The dataset covers 12 SSA countries representing ~60% of the region's population and the majority of formal life insurance markets: South Africa, Nigeria, Kenya, Ghana, Tanzania, Rwanda, Uganda, Ethiopia, Senegal, Zambia, Côte d'Ivoire, and Mozambique.
## Methodology
### Parameterization Evidence Table
| Parameter | Source | Key Values |
|-----------|--------|------------|
| Mortality rates | Actuarial Society of South Africa (ASSA) Axxx tables; Kenya KE 2007-2010 mortality tables | Age-specific qx values calibrated to SSA context |
| Life expectancy | WHO Global Health Observatory (2023) | SA: 65y, Nigeria: 55y, Kenya: 67y, range 55-69y across SSA |
| HIV prevalence | UNAIDS Global AIDS Update (2023) | SA: 13.0%, Zambia: 11.0%, Mozambique: 11.5%, Nigeria: 1.5% |
| Policy persistency | Insurance market studies (SSA) | 58-85% range, lower than developed markets (85-95%) |
| Morbidity rates | WHO SSA disease burden data | Infectious disease multiplier 1.8× developed market baseline |
| HIV mortality impact | ASSA HIV model; UNAIDS mortality estimates | Peak impact ages 25-44, additional 30-45 deaths/1000 |
### Data Generation Process
1. **Country calibration**: Each country receives specific parameters for life expectancy, HIV prevalence, base mortality multiplier, policy persistency baseline, and GDP factor derived from published sources.
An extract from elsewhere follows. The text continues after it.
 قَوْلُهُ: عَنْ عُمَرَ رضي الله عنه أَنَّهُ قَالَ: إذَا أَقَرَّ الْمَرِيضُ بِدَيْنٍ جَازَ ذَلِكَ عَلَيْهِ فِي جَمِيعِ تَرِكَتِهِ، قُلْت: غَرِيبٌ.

2. **Age-specific mortality**: Base mortality rates follow standard actuarial table shapes (high infant mortality, low juvenile, rising adult mortality) with SSA-specific adjustments for infectious disease burden.
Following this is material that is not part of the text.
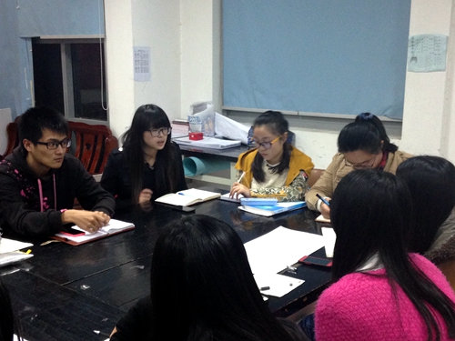 接着,我院团委和医学院团委成员分别就两院的常规工作和职责进行了深入交流。医学部分团校负责人高慧芹详细地阐述了他们即将开展的团校课程,也是医学部分团校的重点活动之一――团校的讲座活动,并向我们展示了他们新闻中心负责制作的精美海报。我院团委成员也和医学部团委分享了我院的特色活动――无手机课堂活动,对无手机课堂的开展情况作了重点的介绍。文学院分团校秘书长盛超楠、鲍烨和医学部实践部部长王梦悦、综合办部长葛隽以及部门干事针对团日活动、团校课题、团员推优和青马工程等常规活动交换意见和建议,取长补短,一些主题类似的活动激起了思想火花的碰撞,一些新颖的特色活动则引起了双方的共同兴趣。在两院团委成员的深入交流中,双方都加深了相互间的认识,对两院团委的专业差异、部门特点和活动特色有了深入的了解。

3. **HIV mortality modeling**: HIV prevalence modulates age-specific mortality impact, with peak effects in the 25-44 age groups consistent with SSA epidemiological patterns.
4. **Gender differentials**: Male mortality set at ~15% above female mortality, consistent with observed SSA patterns.
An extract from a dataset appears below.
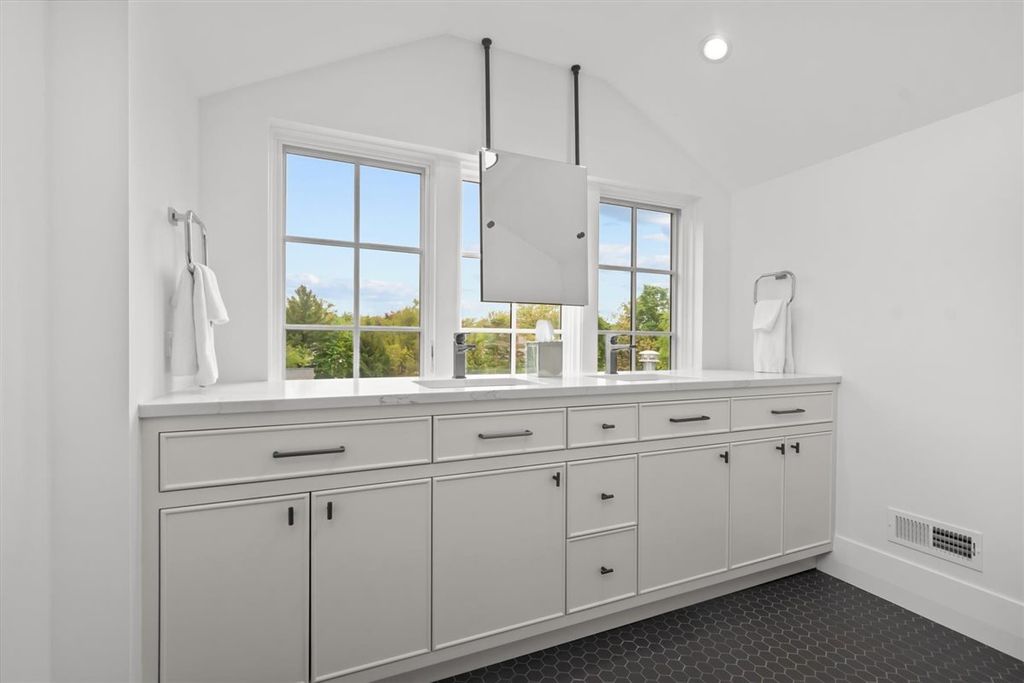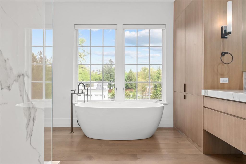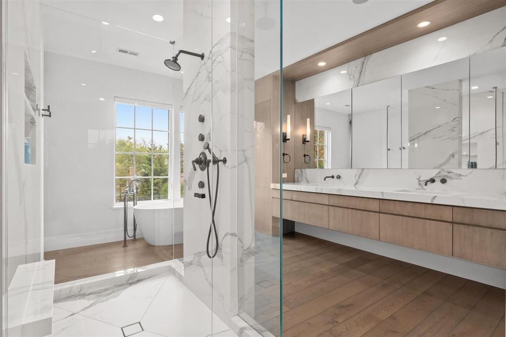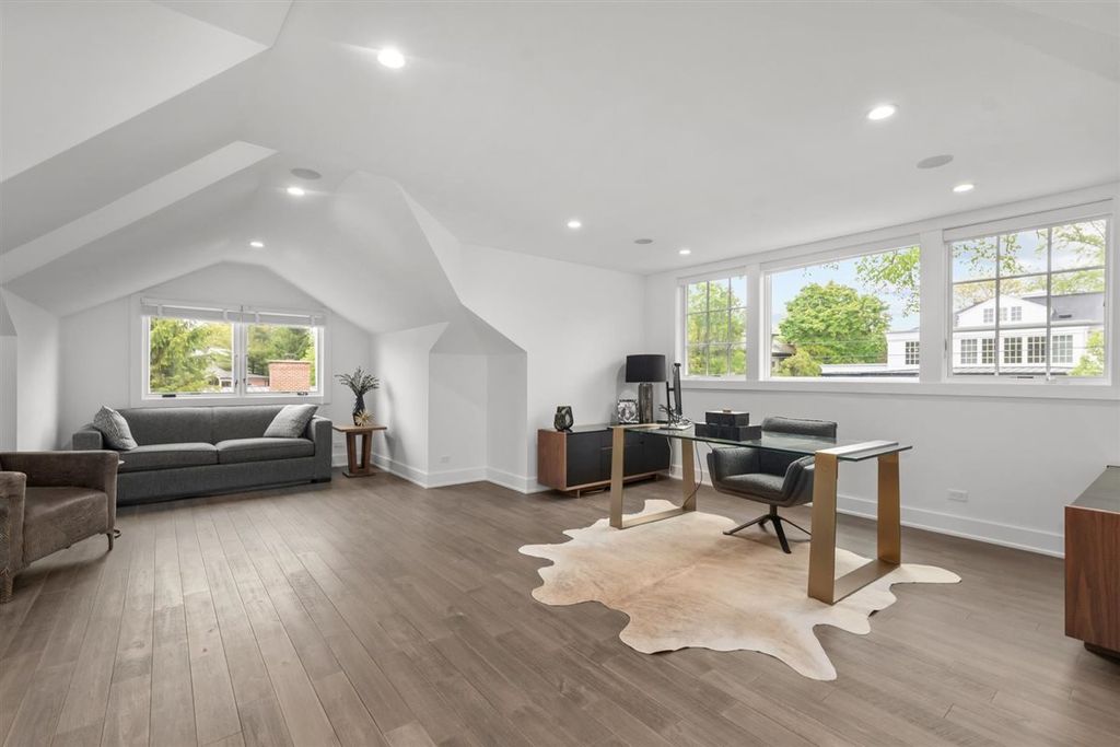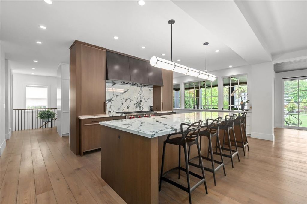 Historical Character meets Elegant Modern Living! Experience the best of Kenilworth in this perfectly located historic home one block to the beach, schools, town, and trains. Originally built in 1896 by renowned architect Franklin Pierce Burnham, it was completely gutted and reborn in 2022 as a stunning showcase of customized modern design while maintaining its classic charm. As you enter through the original facade, the elegant staircase and vintage French oak floors welcome and guide you through the open floor plan. Once inside, you'll find the formal dining and living rooms. Custom steel and glass cabinets lead the way to the heart of the home. The open floor plan of the kitchen, breakfast and family rooms spans over 1500 sq. ft., and were perfectly designed for daily life and entertaining. A Roll & Hill pendant light hangs over the beautiful 14 ft. Paonnazzo marble island in the kitchen, which includes custom cabinetry, high-end Subzero and Wolf appliances, and a Galley workstation to keep the main kitchen area free of clutter. Floor to ceiling windows make up the entire back of the home, filling the space with natural light and offering views of the meticulously landscaped backyard. On the second floor, you will find the first-class primary suite, with an opulent spa-like ensuite bath featuring a glass-enclosed shower, soaking tub, and dual vanity. A pair of luxurious, expansive walk-in closets with built-in shelves provide ample storage space. Two additional oversized ensuite bedrooms are joined by a lounge area that can be closed off with sliding doors for extra privacy for work or play. Just a few steps up the open staircase, the third floor boasts two more bedrooms and another bathroom with dual vanity. The lower level has something for everyone: a spacious family room, game room, media room perfect for movie nights, gym, 500+ bottle wine cellar, an additional bathroom, and plenty of storage. Outside, the impressive covered patio acts as a cohesive extension of the home with a large sitting area, complete with a fireplace and ceiling heaters to allow for exceptional indoor/outdoor living year-round. The backyard also has a kitchen area with a barbecue and pizza oven, ideal for gatherings with family and friends. Above the heated three-car garage is a bedroom/office plus bathroom - use it for a private workspace, extended visitors, or however else you see fit. No details were overlooked when renovating this home to maintain its timeless elegance with modern comfort. Only the finest materials were used, with several custom pieces to create the perfect fit. A Control4 home automation system has also been installed for the ultimate peace of mind. You don't want to miss out on this one

5. **Policy metrics**: Premium, sum assured, persistency, and lapse rates calibrated to SSA insurance market studies, with GDP factors adjusting for purchasing power differences.
6. **Actuarial quality classification**: Derived from solvency ratio, reserve adequacy, and loss ratio using a composite scoring system.
### Scenario Design
| Scenario | Description | Mortality Adjustment | HIV Impact | Persistency |
|----------|-------------|---------------------|------------|-------------|
| **baseline** | Current SSA conditions | 1.0× (no adjustment) | Standard | Country baseline |
| **improved_mortality** | ART scale-up, healthcare improvement | 0.85× (15% reduction) | 0.7× (30% reduction) | +3 percentage points |
| **pandemic_impact** | Health system disruption | 1.35× (35% increase) | 1.2× (20% increase) | -5 percentage points |
## Schema
| Variable | Type | Description | Range |
|----------|------|-------------|-------|
| record_id | int | Unique record identifier | 0-9999 |
| country | str | SSA country name | 12 countries |
| year | int | Policy year | 2019-2024 |
| age_group | str | Age bracket | 0-4, 5-14, 15-24, 25-34, 35-44, 45-54, 55-64, 65-74, 75+ |
| gender | str | Biological sex | Male, Female |
| mortality_rate_per_1000 | float | Deaths per 1000 population | 0.5-500 |
| life_expectancy_years | float | Remaining life expectancy | 30-90 |
| morbidity_rate_pct | float | Population with significant health conditions | 1-95 |
| hiv_prevalence_pct | float | HIV prevalence in population | 0.1-30 |
| policy_count_thousands | float | Number of policies (thousands) | 10-2000 |
| premium_per_policy_usd | float | Annual premium per policy | 10-500 |
| sum_assured_avg_usd | float | Average sum assured | 500-50000 |
| policy_persistency_rate_pct | float | Annual policy persistency rate | 40-95 |
| lapse_rate_pct | float | Annual policy lapse rate | 2-40 |
| claim_frequency_per_1000_policies | float | Claims per 1000 policies | 0.5-500 |
| avg_claim_amount_usd | float | Average claim payout | 200-30000 |
| loss_ratio_pct | float | Claims as % of premiums | 20-150 |
| reserve_adequacy_ratio | float | Reserve adequacy indicator | 0.5-2.0 |
| underwriting_profit_margin_pct | float | Underwriting profit margin | -30 to 40 |
| product_type | str | Insurance product type | term_life, whole_life, endowment, group_life, credit_life |
| distribution_channel | str | Sales channel | agent, bancassurance, corporate, digital |
| commission_rate_pct | float | Agent/broker commission rate | 1-25 |
| expense_ratio_pct | float | Operating expense ratio | 3-35 |
| solvency_ratio | float | Capital adequacy ratio | 0.5-3.5 |
| actuarial_quality_class | str | Overall actuarial quality | strong, adequate, weak, critical |
## Summary Statistics
### Baseline Scenario
| Metric | Mean | Std | Min | Max |
|--------|------|-----|-----|-----|
| Mortality rate (per 1000) | — | — | — | — |
| Life expectancy (years) | — | — | — | — |
| HIV prevalence (%) | — | — | — | — |
| Persistency rate (%) | — | — | — | — |
| Solvency ratio | — | — | — | — |
*Full statistics available in `summary_statistics.json`*
## Validation Results
The dataset undergoes 15+ plausibility checks:
- **Schema validation**: All 25 columns present, correct types, no duplicates
- **Categorical validation**: Expected values for all categorical variables
- **Mortality age gradient**: U-shaped pattern (high infant, low juvenile, rising adult)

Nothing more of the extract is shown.